15.5166 · Heure des questions. Question · 2015-03-11
Département de l'économie, de la formation et de la recherche
Liquidé
Wortlaut
Dans sa réponse à ma question 15.5033 du 9 mars 2015, le Département fédéral de l'économie, de la formation et de la recherche avance le chiffre de 1648 places d'études en facultés de médecine, ce qui règlerait définitivement le problème de pénurie de médecins.
En réalité, selon la Conférence suisse des hautes écoles, s'il y a bien 1648 admissions en faculté, il n'y a toujours que 1046 places en formation clinique.
Dès lors, les questions posées le 9 mars peuvent être précisées :
1. Le Conseil fédéral pourrait-il expliquer comment la couverture médicale du pays sera garantie à l'avenir, sans poursuivre l'importation massive de médecins étrangers ?
2. Est-il admissible que la capacité clinique des facultés alémaniques (140 à Bâle, 220 à Lausanne) reste proportionnellement inférieure à celle des facultés romandes ?
3. Puisque la Suisse reste dépendante de l'étranger, ne serait-il pas approprié de coordonner nos insuffisants efforts avec ceux que nous sollicitons des pays voisins, éventuellement en les finançant ?
Stellungnahme des Bundesrates
1. Dans sa réponse à la question 15.5033, le Conseil fédéral a déclaré que les universités avaient augmenté leurs capacités d'accueil en médecine humaine au niveau bachelor de 1468 à 1648 entre 2013 et 2014. Les places d'études cliniques sont sollicitées normalement à partir de la troisième année d'études du niveau bachelor et doivent être disponibles également ensuite au niveau master. Ce n'est donc qu'à partir de 2016 que cette augmentation des capacités au niveau bachelor devra se traduire par une augmentation des capacités d'accueil en formation clinique. Il faut donc s'attendre à ce que, de 1046 en 2014, le nombre de places de formation cliniques progresse dans les années à venir. Pour le reste, le Conseil fédéral renvoie au chiffre 1 de sa réponse à la question 15.5033.
2. Les décisions relatives à l'admission aux études de médecine et au nombre de places en formation clinique relèvent de l'autonomie des cantons universitaires. Les deux éléments sont liés : le nombre de places en formation clinique dépend des capacités d'accueil au niveau bachelor. Les universités qui pratiquent le numerus clausus enregistrent un taux de réussite très élevé au niveau bachelor (autour de 92 %). La capacité d'accueil au niveau clinique devra donc être à peu près équivalente à celle du niveau bachelor.

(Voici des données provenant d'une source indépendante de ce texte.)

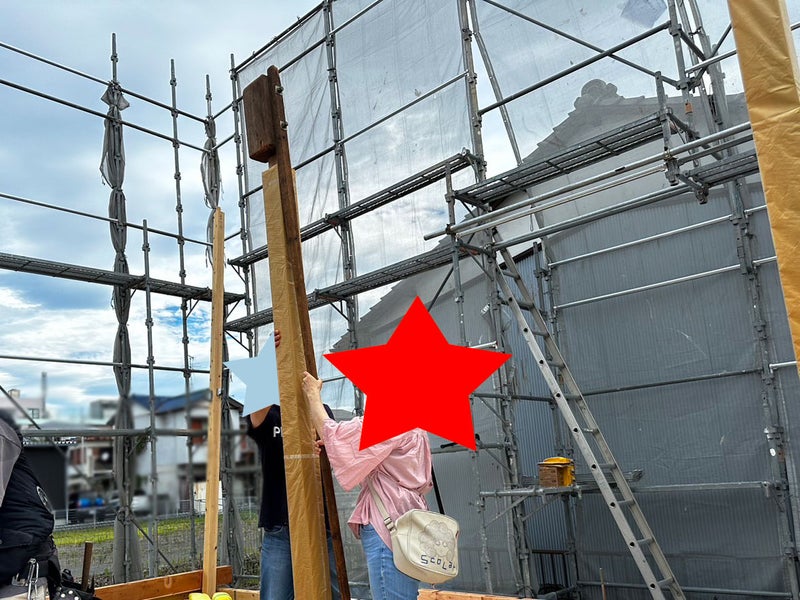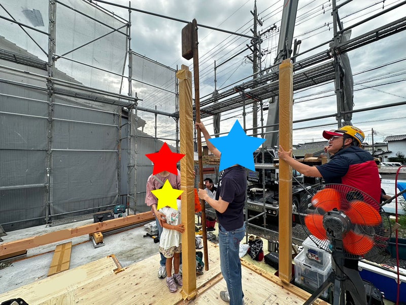 そして作業開始の少し前、お施主様ご一家も現場に来て下さり最初の柱建てをして下さいました!まずはご主人様…

L'Université de Bâle a proposé jusqu'en 2013 environ 130 places au niveau bachelor, et 140 en formation clinique. Ce n'est qu'en 2014 qu'elle a porté la capacité au niveau bachelor à 170 places. En raison du décalage dans le temps mentionné au chiffre 1, il faut donc s'attendre à ce que l'Université de Bâle augmente également les capacités d'accueil en formation clinique à partir de 2016. Par opposition, l'Université de Lausanne - qui ne pratique pas le numerus clausus - offre 400 places au niveau bachelor, mais uniquement 220 au niveau clinique. Elle doit donc opérer une sélection rigoureuse pendant les deux premières années d'études.
3. Aux yeux du Conseil fédéral, la bonne couverture sanitaire doit être assurée prioritairement sur la base des capacités de formation et des conditions-cadres présentes dans notre pays. Le Conseil fédéral mènera une discussion avec les cantons sur le thème de la consolidation et du développement de l'enseignement et de la recherche en médecine humaine, et en fera une des priorités du message FRI 2017-2020.

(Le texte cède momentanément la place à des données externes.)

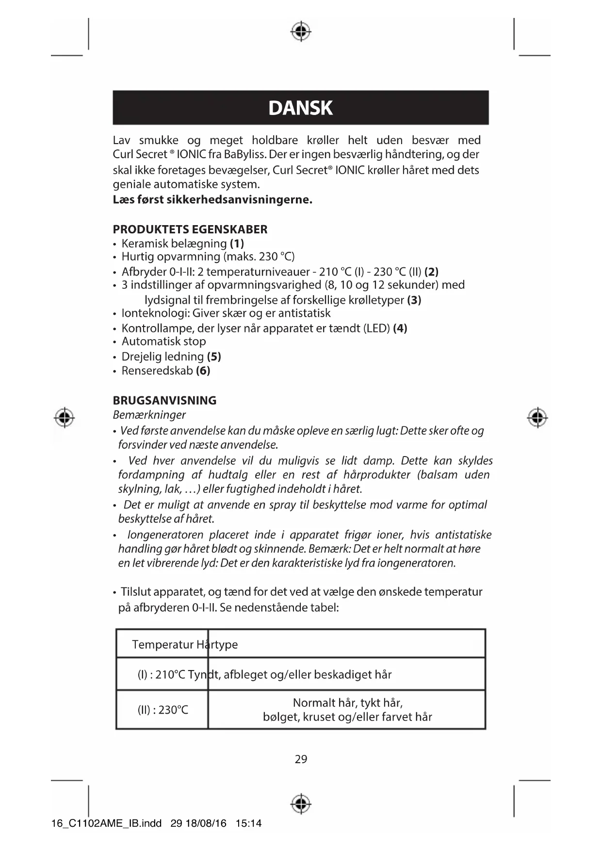 - Tilslut apparatet, og tænd for det ved at vælge den ønskede temperatur på afbryderen 0-I-II. Se nedenstående tabel: Temperatur Hårtype (I) : 210°C Tyndt, afbleget og/eller beskadiget hår (II) : 230°C Normalt hår, tykt hår, bølget, kruset og/eller farvet hår 16_C1102AME_IB.indd 29 18/08/16 15:1430

Comme cela est mentionné dans la réponse à la question 15.5033, la réalisation de cet objectif nécessite une approche globale incluant non seulement les places de formation en médecine, mais aussi d'autres éléments comme la meilleure exploitation du potentiel de personnel qualifié et l'augmentation de la productivité dans le secteur de la santé.